Every day the phone rang for interviews. Our sources with buyers on the black market grew wary—not enjoying the slander our family suffered—in case it smeared them, too. Our staff began whispering. Our fucking lives started to unravel.

We had money. We controlled police, Customs, and made a livelihood of manipulating those in power for our own means, but we had no clout when it came to strangers on the internet.

Vaughn Weaver harnessed this new age influence and brought a mob to our door, and in doing so, he made my family rally together. Hawk against Weaver. Just like before.

He proved we weren’t untouchable, after all. Cut didn’t deal with the knowledge well. He fucking raged at how little he could do to stop this storm of antagonisers. He never had to worry about social media when he had Emma Weaver—but in today’s society, it was a bigger beast than we ever anticipated.

Our empire was built on greased palms and ancient ‘blind-eye’ agreements. We all knew whatever contract we had giving us ownership of the Weavers was bullshit.

Nobody could own another.

Only imbeciles believed such a thing.

But I did believe in our power. Our wealth. Our status.

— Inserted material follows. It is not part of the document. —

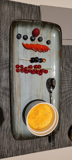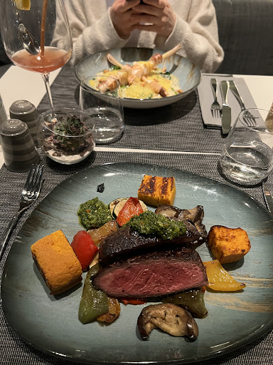 Als wir angekommen sind, standen wir erstmal vor verschlossenen Türen, reingekommen sind wir dann über den Hoteleingang. Auf Nachfrage wurde und erklärt, dass die Tür gegen 17:30 Uhr für das Restaurant geöffnet werden sollte, das heute aber wohl vergessen wurde. Mit den Jacken wurde uns dann nicht geholfen, was an sich nicht schlimm ist, bei den nächsten Gästen war dies aber der Fall. Gleiches galt auch für den Gruß der Küche, diesen haben alle um uns erhalten aber wir nicht. Als Vorspeise hatten wir die Guacamole bestellt und konnten vorher schon sehen wie diese am Nachbartisch zubereitet wird. Hier hat der Kellner erklärt das unter anderem Koriander und Paprika in die Guacamole kommen. Unser Kellner hat uns dann erklärt, dass es Kerbel und Chili sind, was wir dann auch überprüfen konnten. Als Hauptgang hatten wir dann zum einen den Lachs & Seafood Spieß auf Zitronenrisotto und zum anderen das Sirloin-Steak auf Grillgemüse mit Süßkartoffelbrot. Die Zusammenstellung und Rezepte der einzelnen Gerichte haben Witz und weisen definitiv den progressiven Stil der kalifornischen Küche auf. Allerdings gab es auch einige Punkte die noch besser abgestimmt sein könnten: Zum einen war das Zitronenrisotto von der Säure etwas zu stark und das Steak eher am blutigen Ende des Medium-Gargrades. Natürlich soll ein Zitronenrisotto auch nach Zitrone schmecken, hier wurde aber definitiv etwas mit der Zitrone übertrieben. Das Steak ist durch den Garpunkt noch sehr bissfest geblieben, was auch etwas am Hüftsteak an sich liegt. Hier würde ich mir vielleicht eher ein anderes Stück vom Rind wünschen und wäre auch bereit dafür mehr zu bezahlen. Ansonsten war aber alles gut, das Steak hatte eine gute Kruste und war trotzdem gleichmäßig gegart. Auch der Lachs und das Seafood waren genau richtig gegart und haben mit dem Curryschaum gut harmoniert. Zum Dessert hat wir dann Blutorange & Matcha, was lecker war, aber auch nicht herausragend gut.

The tales of our rise from rags to riches had been told so many times, they’d reached phenomenon status within our family—spoon-fed the same crap since birth and believing in the power of a binding parchment that gave us carte blanche to do what we pleased. Not because it granted us immunity, but because it showed just how many people obeyed us now that we had control.

But what good was control when it unthreaded with a fucking rumour?

All of this was a game. Only Vaughn had changed the rules by bringing in spectators demanding answers.

I’d kill Vaughn for that.

He was already dead—just a nail in my rapidly freezing coffin as I popped pill after pill.

Hour after hour, I slowly gave in.

Day after day, I slowly felt nothing.

I was done being the man everyone thought was weak. I lived with a disease, but I wasn’t a cripple.

I didn’t need snow anymore. Or ice. Or pain.

I had drugs.

I was stone.

I’D LIKE TO say life returned to normal.

But I’d be lying.

I’d like to say I slipped back into my previous existence as entrepreneur, seamstress, and daughter.

But I’d be bullshitting to the highest degree.

Every day was worse than the one before it.

I was lost.

Alone.

Unwanted.

Life was a death sentence.

The press hounded me for interviews on my disappearance. My assistants pestered me with hundreds of new designs and orders. My father tried to talk to me about what happened. And my brother suffocated me with love.